▸ Exercise instructions: Given the records below, the lines starting at the line with "LEDライト付き 三面鏡 ドレッサー" and ending at the line with "Mz RAM Booster" should be output exactly, both end lines kept and pictures left out.

▸ Source data:

--- START ---

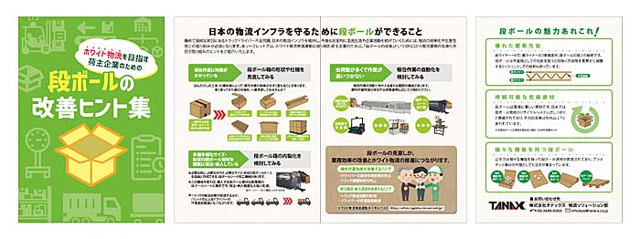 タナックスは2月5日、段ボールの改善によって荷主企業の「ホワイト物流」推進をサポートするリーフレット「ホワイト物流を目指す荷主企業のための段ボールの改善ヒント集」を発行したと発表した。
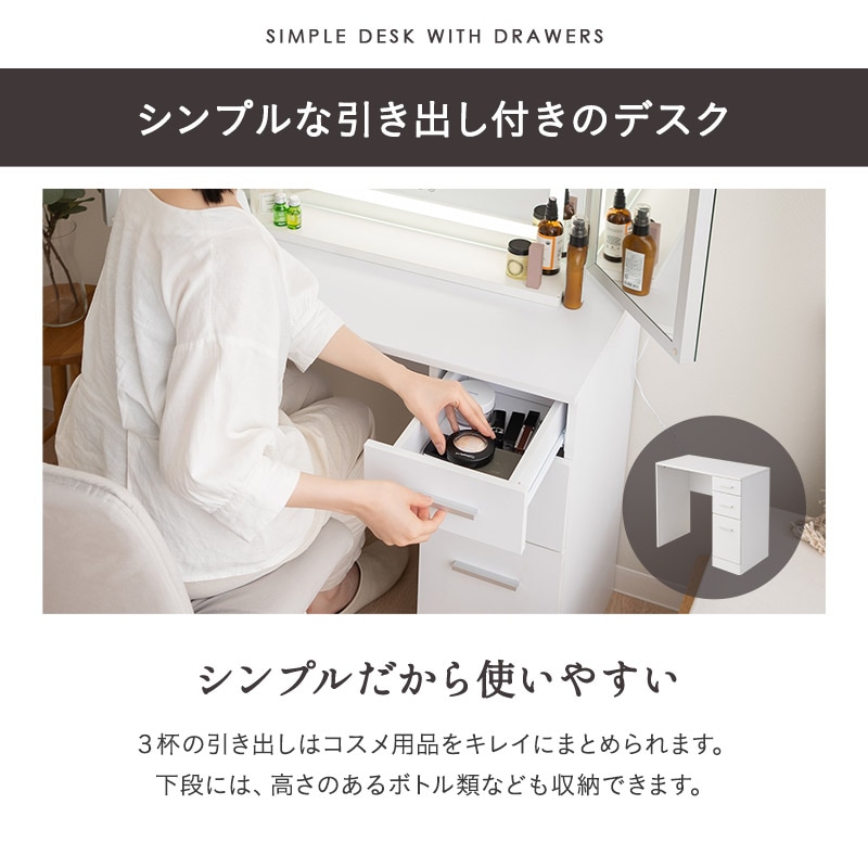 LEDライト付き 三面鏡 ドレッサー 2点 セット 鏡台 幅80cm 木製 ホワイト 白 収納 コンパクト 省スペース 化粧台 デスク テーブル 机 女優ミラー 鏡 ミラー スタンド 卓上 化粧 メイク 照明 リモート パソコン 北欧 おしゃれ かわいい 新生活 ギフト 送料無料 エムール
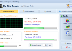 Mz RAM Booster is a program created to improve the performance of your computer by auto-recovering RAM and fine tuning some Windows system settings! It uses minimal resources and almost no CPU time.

--- END ---
--- START ---

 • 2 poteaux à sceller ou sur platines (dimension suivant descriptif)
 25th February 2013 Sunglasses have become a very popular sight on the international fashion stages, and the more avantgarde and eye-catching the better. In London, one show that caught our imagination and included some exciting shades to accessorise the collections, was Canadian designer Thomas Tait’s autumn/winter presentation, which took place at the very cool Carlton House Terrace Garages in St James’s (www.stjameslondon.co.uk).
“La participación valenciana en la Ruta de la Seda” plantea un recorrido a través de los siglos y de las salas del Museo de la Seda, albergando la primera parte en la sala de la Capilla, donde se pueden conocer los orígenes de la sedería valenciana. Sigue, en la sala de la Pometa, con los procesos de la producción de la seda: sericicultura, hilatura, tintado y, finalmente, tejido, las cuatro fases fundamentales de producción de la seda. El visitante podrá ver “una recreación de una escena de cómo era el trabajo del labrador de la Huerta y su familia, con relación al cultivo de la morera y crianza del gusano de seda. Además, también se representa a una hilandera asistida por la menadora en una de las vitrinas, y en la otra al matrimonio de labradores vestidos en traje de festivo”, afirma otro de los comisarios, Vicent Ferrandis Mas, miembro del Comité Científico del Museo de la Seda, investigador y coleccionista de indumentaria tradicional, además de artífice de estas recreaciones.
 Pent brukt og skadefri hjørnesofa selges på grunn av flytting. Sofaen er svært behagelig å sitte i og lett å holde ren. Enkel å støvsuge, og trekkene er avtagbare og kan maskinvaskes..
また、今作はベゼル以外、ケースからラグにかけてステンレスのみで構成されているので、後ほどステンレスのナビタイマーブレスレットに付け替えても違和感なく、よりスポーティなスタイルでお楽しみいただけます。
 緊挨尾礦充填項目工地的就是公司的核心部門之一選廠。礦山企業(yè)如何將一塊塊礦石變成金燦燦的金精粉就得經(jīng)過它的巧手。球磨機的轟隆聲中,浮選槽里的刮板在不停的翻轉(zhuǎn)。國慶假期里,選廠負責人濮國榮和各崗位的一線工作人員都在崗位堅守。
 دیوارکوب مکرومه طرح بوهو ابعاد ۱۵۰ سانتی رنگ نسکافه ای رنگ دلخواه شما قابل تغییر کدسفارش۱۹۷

--- END ---

▸ Written solution:
 LEDライト付き 三面鏡 ドレッサー 2点 セット 鏡台 幅80cm 木製 ホワイト 白 収納 コンパクト 省スペース 化粧台 デスク テーブル 机 女優ミラー 鏡 ミラー スタンド 卓上 化粧 メイク 照明 リモート パソコン 北欧 おしゃれ かわいい 新生活 ギフト 送料無料 エムール
 Mz RAM Booster is a program created to improve the performance of your computer by auto-recovering RAM and fine tuning some Windows system settings! It uses minimal resources and almost no CPU time.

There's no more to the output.